> **Your goal**: Quote exactly the lines from the one with "(وإن أبرأه) أي: الراهن" to the end of the data, both included; omit the pictures.

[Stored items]

------

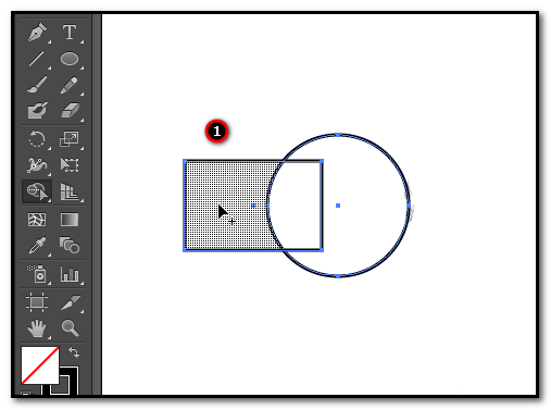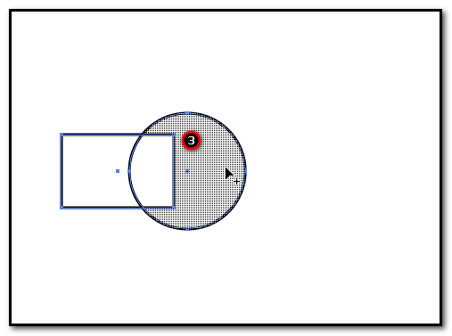 4、这时,鼠标就变成一个黑三角带着一个+字的图标。鼠标放拖过矩形和圆形上,这时,我们可以看到,矩形和圆形相交,形成了三个形状。形状生成器工具鼠标放在其中一个形状上,形状呈灰色网状。
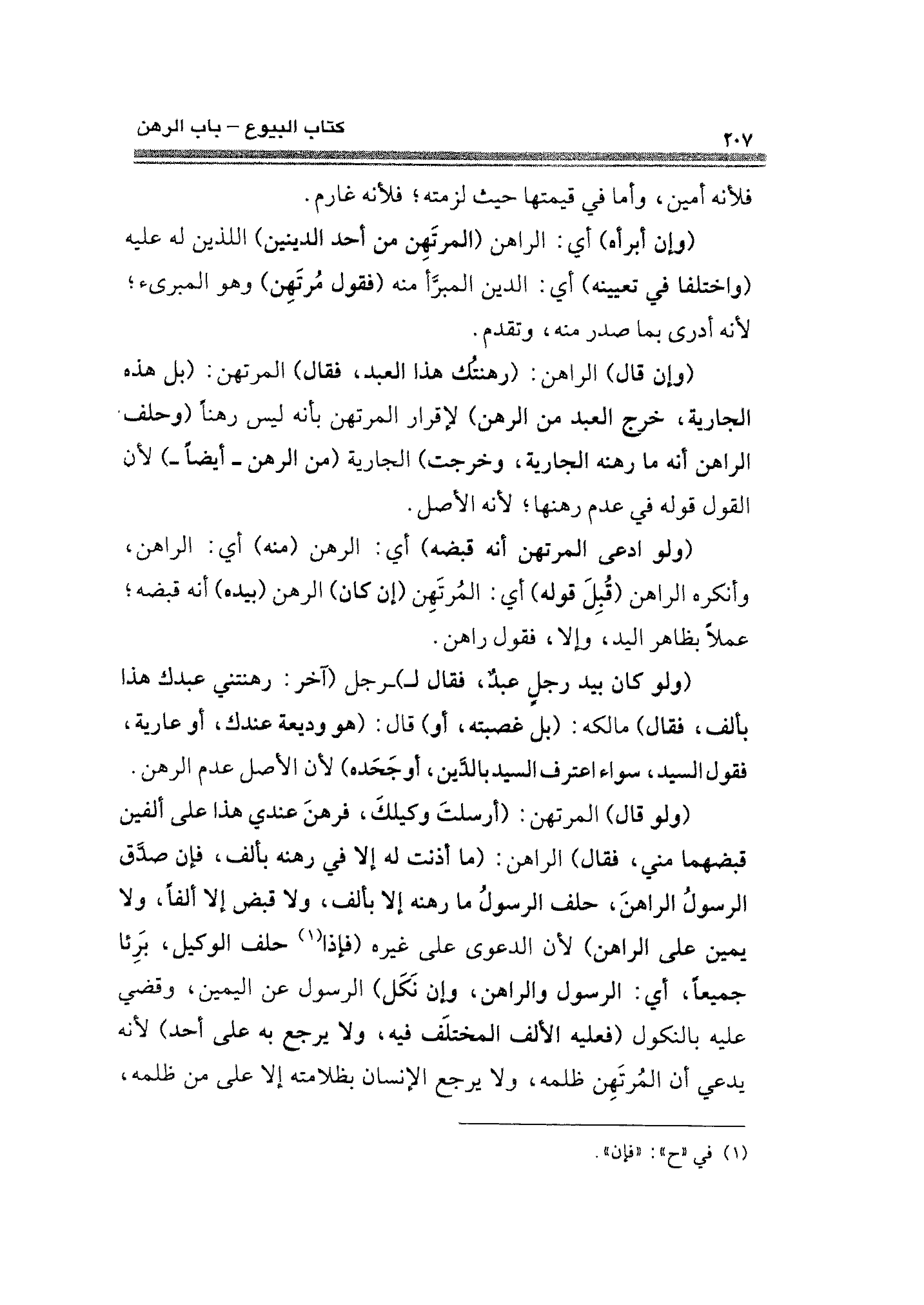 (وإن أبرأه) أي: الراهن (المرتَهِن من أحد الدينين) اللذين له عليه (واختلفا في تعيينه) أي: الدين المبرَّأ صته (فقول مُرتَهِن) وهو المبرئ؛ لأنه أدرى بما صدر منه، وتقدم.
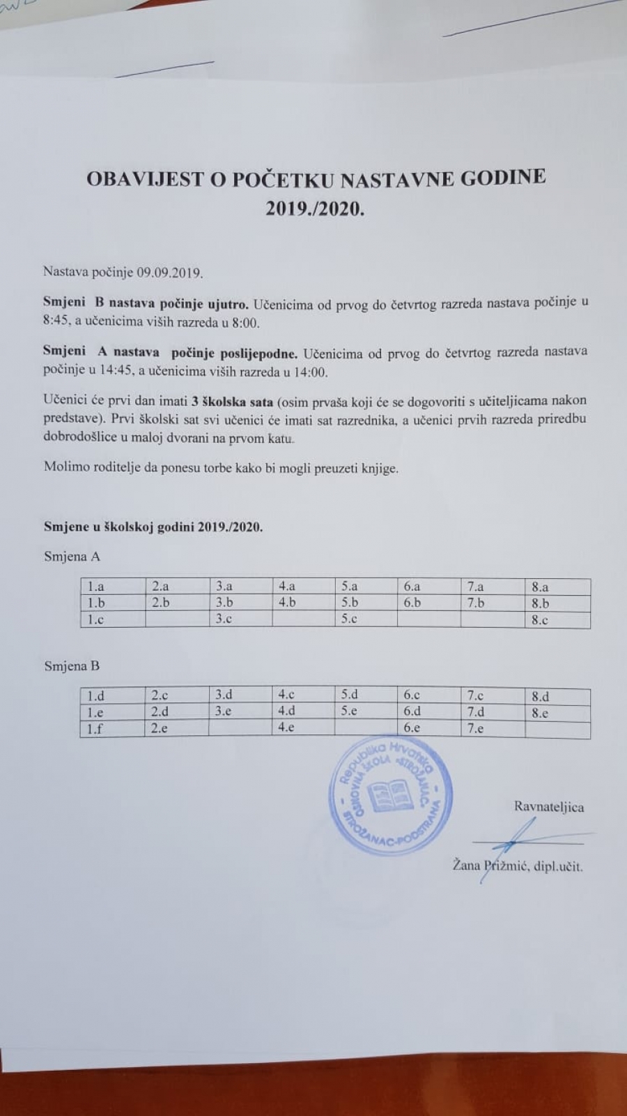 FOTO - Raspored smjena nove školske godine foto:pp
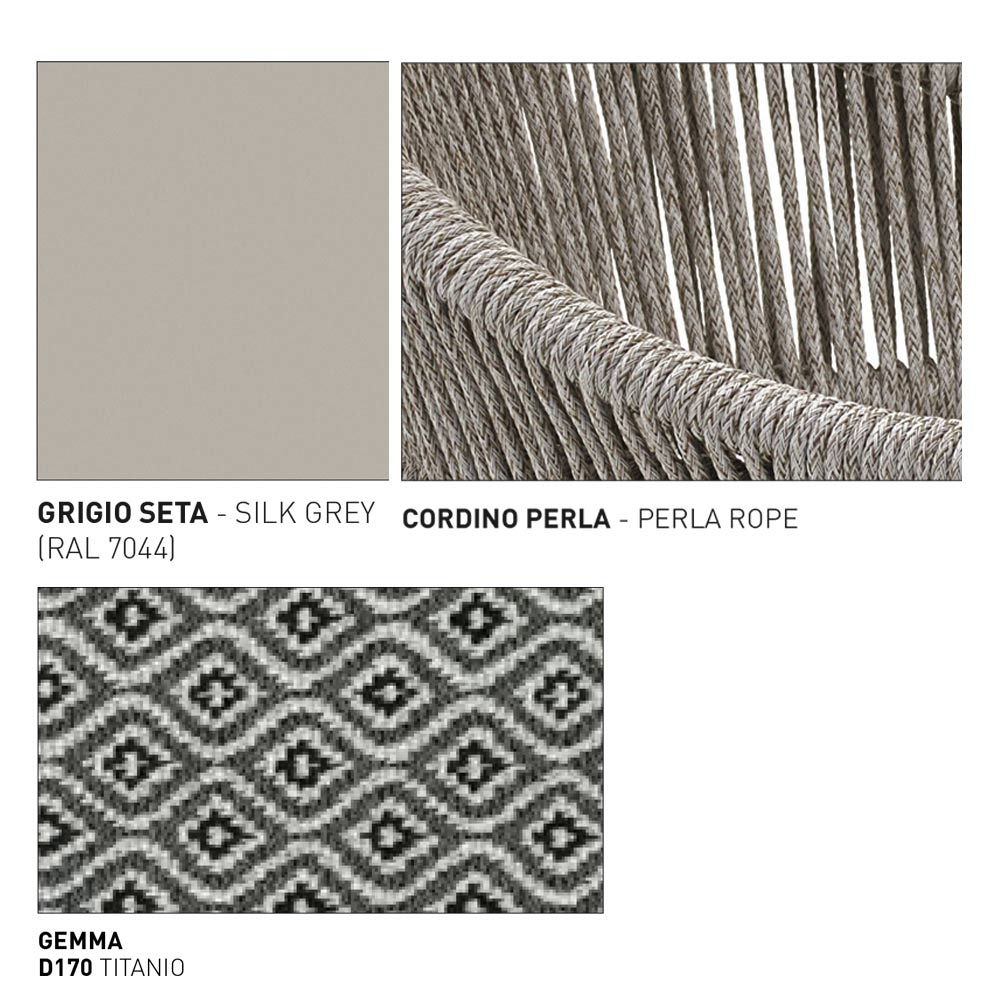 Pouf de jardin composé d'un cadre en aluminium enduit de poudre avec une finition gris soie, de fibres tissées à la main avec une finition perlée et d'un siège avec rembourrage . Un meuble pour espaces extérieurs ou intérieurs capable de compléter le confort et le style de l'environnement environnant pour un résultat accueillant et une esthétique contemporaine .
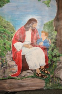 The left panel of Friday’s mural depicted Jesus and a small child in a colorful, outdoor scene. The next panel shows the rock beside the entrance of Jesus’ now-empty tomb with three crosses looming in the background. The right panel is just as gray as the middle, showing Jesus with a shepherd’s staff, knocking on a door.
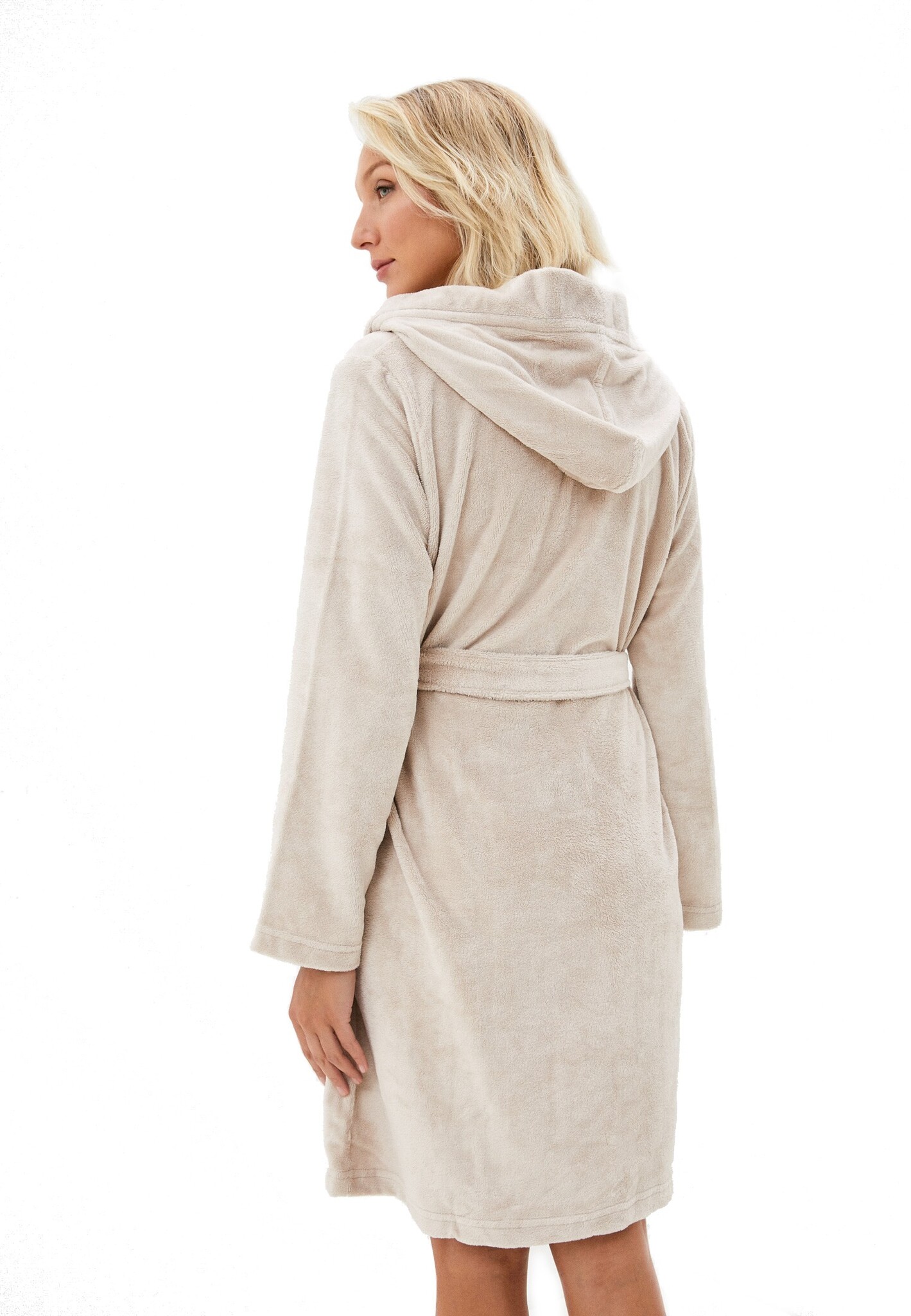 Комфортное кимоно прямого силуэта с капюшоном-воротником, запахом на поясе, длинными рукавами и вместительными накладными карманами идеально подойдет в качестве домашнего или банного халата. Модель представлена в нежно-розовом, бежевом и светло-голубом оттенках.

------

> **The answer**:
 (وإن أبرأه) أي: الراهن (المرتَهِن من أحد الدينين) اللذين له عليه (واختلفا في تعيينه) أي: الدين المبرَّأ صته (فقول مُرتَهِن) وهو المبرئ؛ لأنه أدرى بما صدر منه، وتقدم.
 FOTO - Raspored smjena nove školske godine foto:pp
 Pouf de jardin composé d'un cadre en aluminium enduit de poudre avec une finition gris soie, de fibres tissées à la main avec une finition perlée et d'un siège avec rembourrage . Un meuble pour espaces extérieurs ou intérieurs capable de compléter le confort et le style de l'environnement environnant pour un résultat accueillant et une esthétique contemporaine .
 The left panel of Friday’s mural depicted Jesus and a small child in a colorful, outdoor scene. The next panel shows the rock beside the entrance of Jesus’ now-empty tomb with three crosses looming in the background. The right panel is just as gray as the middle, showing Jesus with a shepherd’s staff, knocking on a door.
 Комфортное кимоно прямого силуэта с капюшоном-воротником, запахом на поясе, длинными рукавами и вместительными накладными карманами идеально подойдет в качестве домашнего или банного халата. Модель представлена в нежно-розовом, бежевом и светло-голубом оттенках.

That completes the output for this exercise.